Lithium-ion batteries are now in commercial operation for short-duration applications (15 minutes to 2 hours). Li-ion projects for long-duration applications with daily use cycles are much less common, although there are a few. Grid-scale deployments of Li-ion are limited and few are old enough to have demonstrated their specified lifetimes (typically 5 to 15 years.)
Li-ion has extensive field experience in very small-scale applications like consumer electronics (e.g., cellphones and laptops), and is currently accumulating extensive field experience in electric vehicles. However, grid scale storage for management of overgeneration is more demanding since daily cycles are common, which means about 300 cycles per year. In contrast, an electric vehicle with a 200+ mile range may do an equivalent of a full cycle only once per week, or 50 full cycle equivalents per year. The daily cycling of a grid overgeneration application would therefore, in just one year, place as many full cycles on the battery as 6 to 7 years of driving.

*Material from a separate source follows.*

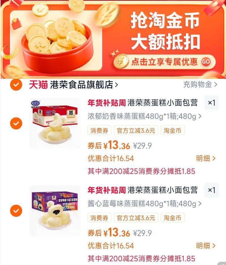 2、凑1件,用200-25消费券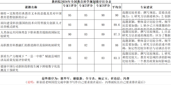 根据 《广东省教育科学规划领导小组办公室关于做好2024年度全国教育科学规划项目申报工作的通知》 及公司《关于组织申报2024年度全国教育科学规划项目的通知》要求,经采用匿名评审校外三位专家打分,按照专家打分结果排序为:熊华军、谢德新、全守杰、杨定玉、崔诣晨、冯帮。

Both sodium-sulfur and Li-ion batteries can be manufactured at a GWh-scale that can supply the many GWh of storage that will be needed to address overgeneration. Sodium-sulfur manufacturing capacity grew to a GWh/year capacity in 2008. Tesla's GigaFactory is expected to start volume production in 2017 and full-volume in 2020, and many other Li-ion manufacturers are in volume production today.

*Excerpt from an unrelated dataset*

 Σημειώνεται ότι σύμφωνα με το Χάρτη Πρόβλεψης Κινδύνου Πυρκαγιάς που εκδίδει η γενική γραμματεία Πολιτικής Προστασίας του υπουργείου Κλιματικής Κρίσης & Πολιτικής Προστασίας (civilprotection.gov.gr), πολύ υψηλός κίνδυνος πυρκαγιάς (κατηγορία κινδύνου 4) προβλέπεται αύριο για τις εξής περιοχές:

Flow batteries remain in a comparatively early stage of commercial development, with only a handful of long-duration installations deployed over the last decade or so. To date, there are no GWh-scale manufacturing plants in production for any flow battery technology.
If a grid with a high intensity of renewables is to rely on storage to solve the overgeneration problem, then the type of storage used must be commercially viable for grid-scale operation.
To be commercially viable, there must be a very high probability of meeting the lifetime, function, performance, and other commitments of the suppliers of the storage asset. That is true irrespective of whether a utility directly procures the storage asset, or has use of the storage via a services contract with a third party that owns the storage.
Consider four factors that can be assessed in determining whether a storage product is commercially viable:
- Deployments. The number and size of other projects deployed using that storage;
- Useful Life. The demonstrated lifetime of the storage as evidenced by the number of years of operation for other projects using that storage;
- Similar Applications. The extent to which other projects using that storage are using the storage for similar applications, including similar depths of discharge. Overgeneration applications are demanding because they require storage that can withstand deep depths of discharge, performed daily;
- Vendor Capability. The financial strength of the storage vendor. Specifically, will they be able to meet their commitments, including service contracts, warranties and performance guarantees, even in the event of difficulties, setbacks or unexpectedly high costs.
Recent announcements by Tesla for its utility-scale storage indicate a cost of $250 per kWh. That marks a reduction for Li-ion from about $1000 per kWh a few years ago.11 It is unclear from these statements whether power conversion, communications, installation, warranty, and service are included in these costs.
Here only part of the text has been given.